Me reconoció. Dudo mucho que yo hubiera sido capaz de identificarle a él. Había cambiado. Mientras nos estrechábamos la mano, noté su apariencia desastrada y poco cuidada. Parecía más viejo. Su rostro era más delgado, y mucho más pálido. Tenía oscuras sombras en torno a sus ojos ‑y en ellos. Sus manos temblaban; su rostro forzaba una sonrisa sin vida. Su voz era más profunda al hablar, pero preguntó por mi salud del mismo modo encantador que siempre lo había hecho. Rápidamente le expliqué el motivo de mi presencia allí, y comencé a preguntarle.

Me informó de que vivía allí, en la pequeña ciudad; había vivido allí desde la muerte de sus padres. Estaba trabajando de lleno en sus libros, pero sentía que el resultado de su labor justificaba de sobra cualquier inconveniente físico que pudiera sufrir. Se disculpó por su desaseado aspecto y sus maneras cansadas. Deseaba tener una larga charla conmigo alguna de estas noches, pero iba a estar muy atareado durante los próximos días. Posiblemente, a la semana siguiente, podría ir a visitarme al hotel ‑en aquel momento había salido a comprar papel al colmado del pueblo y se disponía a regresar a su casa. Con una precipitada despedida, me volvió la espalda y se alejó.

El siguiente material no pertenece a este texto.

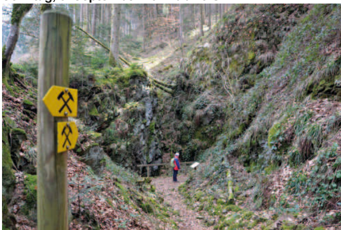
Blick in den Verhau mit Radstube

Für große und kleine Entdecker werden am Sonntag, den 5. September 2021 ab 15 Uhr stündlich oder nach Bedarf Führungen durch das mittelalterliche Bergbaurevier am Birkenberg bei Bollschweil-St. Ulrich angeboten. Mit Casimir Bumiller, Heinz Krieg und Christel Bucker kann man auf dem 1,6 km langen Lehrpfad

Y al hacerlo, recibí otro sobresalto. El bulto de su espalda había crecido. Ahora era virtualmente el doble de grande de lo que era cuando le conocí, y no había ya posibilidad alguna de ocultarlo. Indudablemente, el trabajo duro se había cobrado un precio severo en las energías de Maglore. Pensé en un sarcoma, y me estremecí. Caminando de vuelta al hotel, estuve dándole vueltas a la cabeza. La apariencia de Simon me preocupaba. No era saludable para él, el trabajar tan duro, y la elección de sus temas puede que no fuera la adecuada. El constante aislamiento y la tensión nerviosa se habían combinado para minar su constitución de un modo alarmante, y tomé la determinación de ofrecerme como mentor de sus actos. Resolví visitarle a la menor oportunidad, sin esperar a una invitación formal. Algo tenía que hacer.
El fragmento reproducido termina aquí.